このレースでキングヘイローは、これから先、運命を共にする2頭のライバルと巡り会うことになった。

それが、天才・武豊騎手とコンビを組むスペシャルウィークと、芦毛の逃げ馬セイウンスカイである。

サンデーサイレンス産駒のスペシャルウィークは、新馬戦を勝利後、現・1勝クラスの白梅賞を取りこぼすも、格上挑戦したきさらぎ賞で重賞初制覇。関西では、キングヘイローに次ぐ位置まで序列を上げていた。

一方のセイウンスカイは、重厚なヨーロッパのスタミナ血統の持ち主とは思えないほど軽快な逃げで、新馬戦とジュニアカップを、それぞれ6馬身、5馬身差で圧勝。
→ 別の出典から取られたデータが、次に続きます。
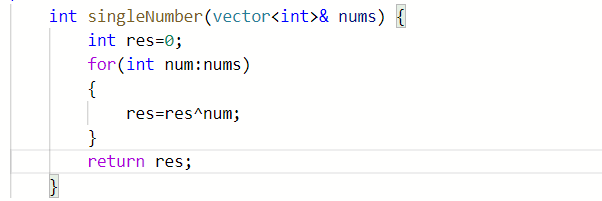 所以不难理解对整个数组的每个元素挨个异或运算,最终得到的一定的只出现一次的元素,因为其余元素都通过性质3,性质2与自身发生异或得到结果0,然后由性质1可得到只出现一次的元素。

関東所属の内国産期待の星として、弥生賞に駒を進めていた。

人気は3頭に集中して、いわゆる"三強状態" となる。
その中でもキングヘイローが1番人気となったが、レースでは意外なほどの差がつくことになってしまう。

ここでも、快調に逃げるセイウンスカイに対し、ややいきたがる素振りを見せたキングヘイローは、なだめながらも中団に構え、スペシャルウィークはさらにその後ろからレースを進めた。

勝負所の4コーナー。セイウンスカイが、さらに逃げ脚を伸ばして2番手以下との差を大きく広げにかかり、その動きに呼応するようにスペシャルウィークも3番手までポジションを上げた。ところが、キングヘイローは久々のせいか反応が鈍く、中団のままポジションを上げられない。

最終的には、スペシャルウィークがゴール寸前で図ったようにセイウンスカイを差し切って重賞を連勝。それに対して、キングヘイローは2着セイウンスカイから4馬身も離された3着となり、4着のスノーボンバーをクビ差しのぐのが精一杯という内容だった。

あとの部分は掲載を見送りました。